**WORK REQUEST:** Make a verbatim copy of the records; pictures stay out.

**DATA EXTRACT:**
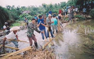 และแล้วในวันที่นัดหมายก็มาถึง พี่น้องทุกครอบครัวของหมู่บ้านป่าตึงงาม บ้านออนและหมู่บ้านใกล้เคียงซึ่งล้วนแล้วแต่ได้พึ่งพาอาศัยฝายในการผันน้ำเข้ามาสู่ไร่นา ก็มาผนึกกำลังร่วมกันสร้างฝาย จำนวน 8 ฝายขึ้นมาอีกครั้ง เพื่อจะให้แล้วเสร็จทันฤดูเพาะปลูกที่จะมาถึงในอีกไม่กี่วันข้างหน้าโดยมีทหาร พี่น้ององค์กรชุมชนจากทั่วทั้งประเทศมาร่วมแรงร่วมใจและร่วมศึกษาเรียนรู้การสร้างฝายในครั้งนี้ด้วย
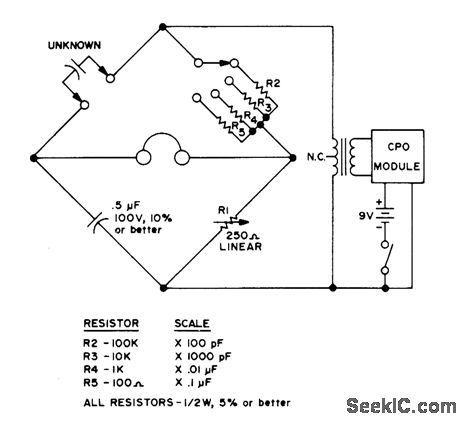 SimpIe bridge uses AF voltage from Cordover CPO-4 code practice oscillator module, fed through transistor output transformer connected in reverse for impedance matching. Earphones serve as null detector, but amplifier can be added for greater sensitivity or CRO used. Only one scale need be calibrated, using known values of capacitors.-W. P. Tumer, Build a Basic Bridge, 73Magazine, Nov. 1974, p 95.
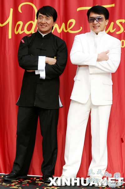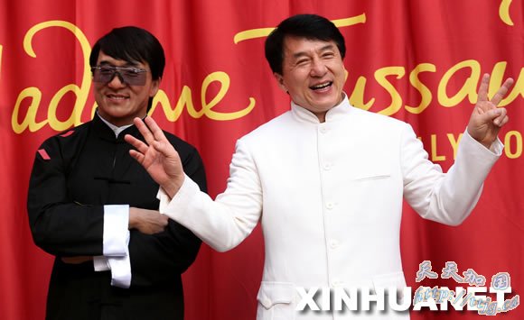 1月11日,在美国加利福尼亚州好莱坞杜莎夫人蜡像馆,国际影星成龙(右)与自己的蜡像合影。当天,成龙的蜡像在好莱坞杜莎夫人蜡像馆亮相。新华社发
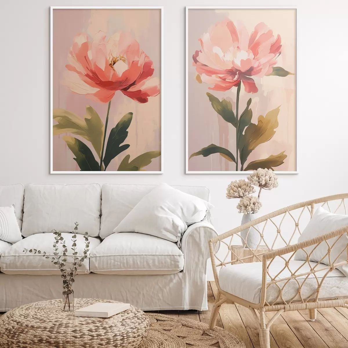 Poster Pastelkleurige pioenrozen op lange stelen in warme roze tinten d01093
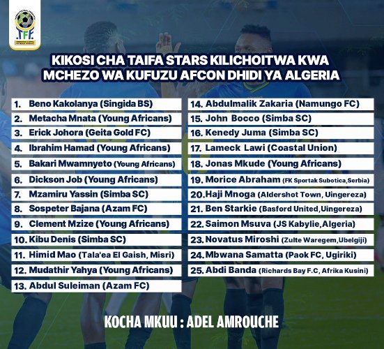 ووجّه الناخب الوطني التنزاني الدّعوة إلى 25 لاعبا، يوجد بينهم المهاجم سيمون مسوفا الذي انتقل مُؤخّرا إلى نادي شبيبة القبائل. والقائد موابانا ساماتا من فريق جينك البلجيكي، الذي سبق له خوض مقابلات دولية ضد “مُحاربي الصّحراء”.
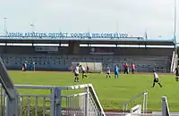 The club spent much of their history playing at London Road until leaving during the 1990–91 season.[2] They briefly groundshared with Spalding United before moving to the council-owned South Kesteven Sports Stadium in October 1991. The ground was built on the Meres playing fields and is also referred to as 'the Meres'.[10] On one side of the pitch is the seated West Stand, which has uncovered terracing on either side.[10] The East Stand on the other side of the pitch is of a covered terrace. There are no stands behind the goals due to the running track.[10] The ground currently has a capacity of 7,500, of which 750 is seated and 1,950 is covered.[1]
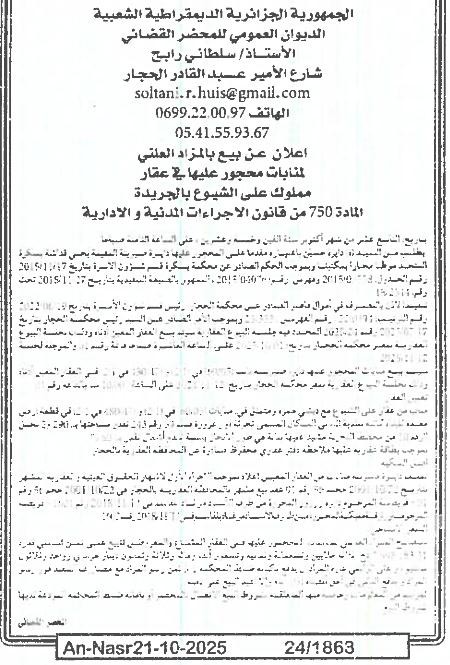 Il sera procédé à la vente au plus offrant et dernier enchérisseur le :
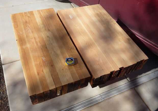 Trozo de lla que encontrará será cortada en un lado y por el otro queda como sucedió con la empresa. Usted necesita decidir si necesita ser arreglado. Muestra se pedazos enredarse en un sitio de construcción de contenedor de basura. El de la izquierda tiene un final que no se ve mal. (Tiene el aspecto re-purposed industrial a él). Es 5" de espesor, 14-3/4" ancho, 31-1/2" de largo, y en mi opinión es el tamaño perfecto para una mesa. Si tienes suerte suficiente para tal fina pieza solo limpiar con un cepillo de alambre, lijar los bordes y sáltese el resto de esta discusión.
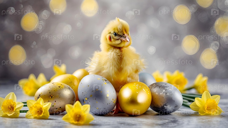 Нежные пасхальные яйца, желтые куры, цветы цыплят и нарцисс на фоне пастельного акварели с нежными венами
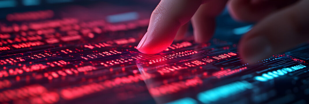 A close-up of a finger hovering over glowing, digital code, showcasing technology and data interaction in a vibrant interface.
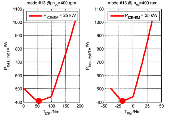 One challenge for the consideration of transmission systems power losses in the control optimization is that the provided power of both power sources induces transmission losses, whereas the contribution of each power source to the total transmission losses cannot be directly determined in the considered MIMO-transmission systems. Another challenge is the dependency of the transmission losses on the selected mode and torque split. This means that distinct control inputs lead to distinct transmission losses albeit equal summed input power from ICE and EM. This is a challenge because to find a legit local minimum of the quality-functional (17) of the control strategy, the evaluated sets of control variable candidates must provide equal output power at the wheels.
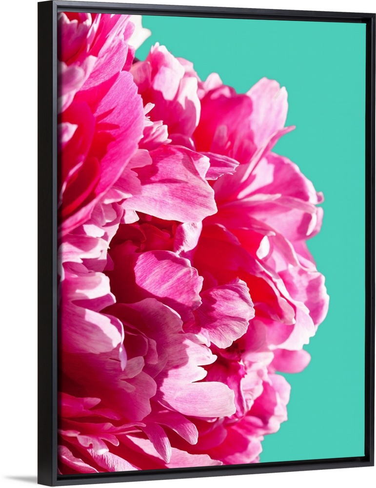 <p>A close up photograph of a bright pink peony against a blue background.</p>
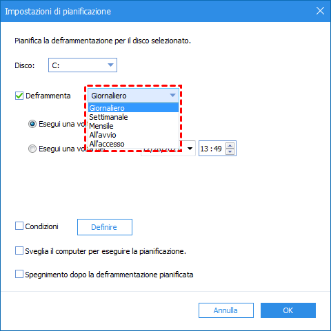 Passo 3. Ora, puoi scegliere quale unità deframmentare e decidere se eseguire una deframmentazione quotidiana, settimanale o mensile. Poi, si può considerare la preimpostazione su quali condizioni deframmentare.
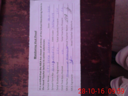 | Monitoring Date: 28-10-2016 | Start Time: 28-10-2016 09:20 AM | End Time: 28-10-2016 10:02 AM | Name of MEA: Mu**** Ak**** | |
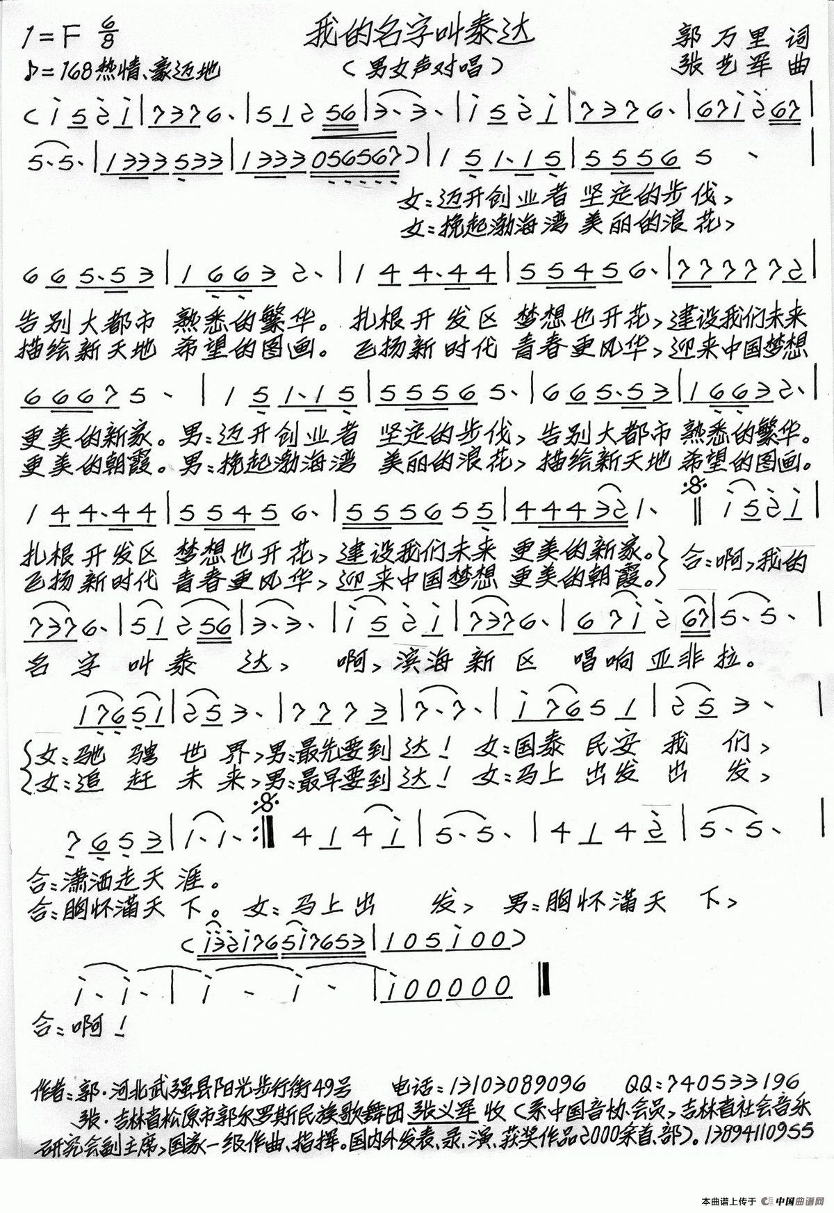 致谢:《中国曲谱网》衷心感谢作者老师馈赠原版歌谱!
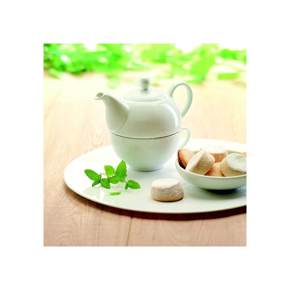 Teeset mit einer Teetasse (200ml), Kännchen (400ml) und Unterteller aus hochwertigem Porzellan für besten Teegenuss. Die Teekanne eignet sich besonders für Ihre Werbung, welche wir im Keramiktransfer anbringen.
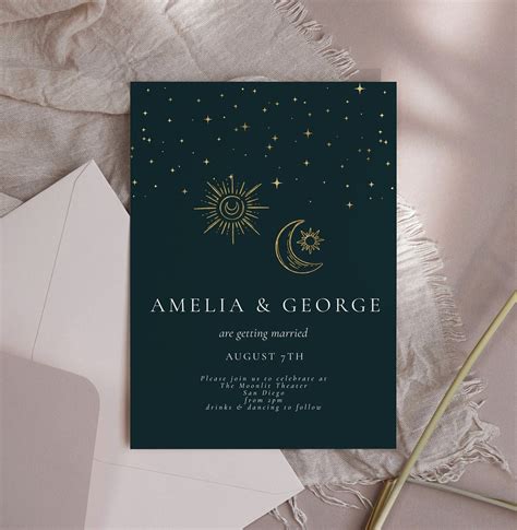 Other designs you may like. * you will have the option to fully customize the envelope, background and most card text. Purchase this sample to experience the quality of our samples. From $1 each | basic invite. Moon engagement rings, backdrops, moon wedding invitations, decorations, moon themed wedding cake toppers, art prints, favors, jewelry, and much more.
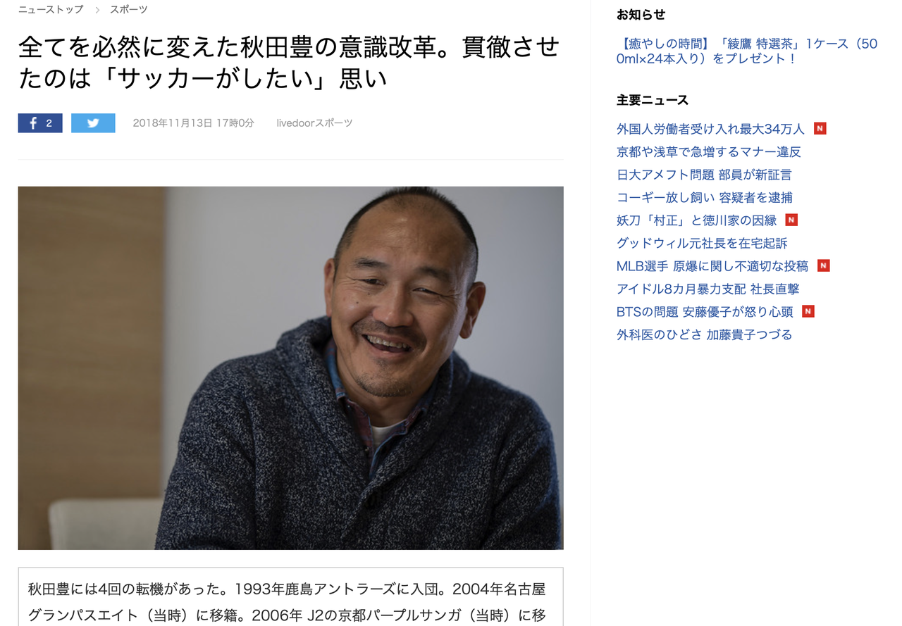 全てを必然に変えた秋田豊の意識改革。貫徹させたのは「サッカーがしたい」思い

**WRITTEN SOLUTION:**
 และแล้วในวันที่นัดหมายก็มาถึง พี่น้องทุกครอบครัวของหมู่บ้านป่าตึงงาม บ้านออนและหมู่บ้านใกล้เคียงซึ่งล้วนแล้วแต่ได้พึ่งพาอาศัยฝายในการผันน้ำเข้ามาสู่ไร่นา ก็มาผนึกกำลังร่วมกันสร้างฝาย จำนวน 8 ฝายขึ้นมาอีกครั้ง เพื่อจะให้แล้วเสร็จทันฤดูเพาะปลูกที่จะมาถึงในอีกไม่กี่วันข้างหน้าโดยมีทหาร พี่น้ององค์กรชุมชนจากทั่วทั้งประเทศมาร่วมแรงร่วมใจและร่วมศึกษาเรียนรู้การสร้างฝายในครั้งนี้ด้วย
 SimpIe bridge uses AF voltage from Cordover CPO-4 code practice oscillator module, fed through transistor output transformer connected in reverse for impedance matching. Earphones serve as null detector, but amplifier can be added for greater sensitivity or CRO used. Only one scale need be calibrated, using known values of capacitors.-W. P. Tumer, Build a Basic Bridge, 73Magazine, Nov. 1974, p 95.
 1月11日,在美国加利福尼亚州好莱坞杜莎夫人蜡像馆,国际影星成龙(右)与自己的蜡像合影。当天,成龙的蜡像在好莱坞杜莎夫人蜡像馆亮相。新华社发
 Poster Pastelkleurige pioenrozen op lange stelen in warme roze tinten d01093
 ووجّه الناخب الوطني التنزاني الدّعوة إلى 25 لاعبا، يوجد بينهم المهاجم سيمون مسوفا الذي انتقل مُؤخّرا إلى نادي شبيبة القبائل. والقائد موابانا ساماتا من فريق جينك البلجيكي، الذي سبق له خوض مقابلات دولية ضد “مُحاربي الصّحراء”.
 The club spent much of their history playing at London Road until leaving during the 1990–91 season.[2] They briefly groundshared with Spalding United before moving to the council-owned South Kesteven Sports Stadium in October 1991. The ground was built on the Meres playing fields and is also referred to as 'the Meres'.[10] On one side of the pitch is the seated West Stand, which has uncovered terracing on either side.[10] The East Stand on the other side of the pitch is of a covered terrace. There are no stands behind the goals due to the running track.[10] The ground currently has a capacity of 7,500, of which 750 is seated and 1,950 is covered.[1]
 Il sera procédé à la vente au plus offrant et dernier enchérisseur le :
 Trozo de lla que encontrará será cortada en un lado y por el otro queda como sucedió con la empresa. Usted necesita decidir si necesita ser arreglado. Muestra se pedazos enredarse en un sitio de construcción de contenedor de basura. El de la izquierda tiene un final que no se ve mal. (Tiene el aspecto re-purposed industrial a él). Es 5" de espesor, 14-3/4" ancho, 31-1/2" de largo, y en mi opinión es el tamaño perfecto para una mesa. Si tienes suerte suficiente para tal fina pieza solo limpiar con un cepillo de alambre, lijar los bordes y sáltese el resto de esta discusión.
 Нежные пасхальные яйца, желтые куры, цветы цыплят и нарцисс на фоне пастельного акварели с нежными венами
 A close-up of a finger hovering over glowing, digital code, showcasing technology and data interaction in a vibrant interface.
 One challenge for the consideration of transmission systems power losses in the control optimization is that the provided power of both power sources induces transmission losses, whereas the contribution of each power source to the total transmission losses cannot be directly determined in the considered MIMO-transmission systems. Another challenge is the dependency of the transmission losses on the selected mode and torque split. This means that distinct control inputs lead to distinct transmission losses albeit equal summed input power from ICE and EM. This is a challenge because to find a legit local minimum of the quality-functional (17) of the control strategy, the evaluated sets of control variable candidates must provide equal output power at the wheels.
 <p>A close up photograph of a bright pink peony against a blue background.</p>
 Passo 3. Ora, puoi scegliere quale unità deframmentare e decidere se eseguire una deframmentazione quotidiana, settimanale o mensile. Poi, si può considerare la preimpostazione su quali condizioni deframmentare.
 | Monitoring Date: 28-10-2016 | Start Time: 28-10-2016 09:20 AM | End Time: 28-10-2016 10:02 AM | Name of MEA: Mu**** Ak**** | |
 致谢:《中国曲谱网》衷心感谢作者老师馈赠原版歌谱!
 Teeset mit einer Teetasse (200ml), Kännchen (400ml) und Unterteller aus hochwertigem Porzellan für besten Teegenuss. Die Teekanne eignet sich besonders für Ihre Werbung, welche wir im Keramiktransfer anbringen.
 Other designs you may like. * you will have the option to fully customize the envelope, background and most card text. Purchase this sample to experience the quality of our samples. From $1 each | basic invite. Moon engagement rings, backdrops, moon wedding invitations, decorations, moon themed wedding cake toppers, art prints, favors, jewelry, and much more.
 全てを必然に変えた秋田豊の意識改革。貫徹させたのは「サッカーがしたい」思い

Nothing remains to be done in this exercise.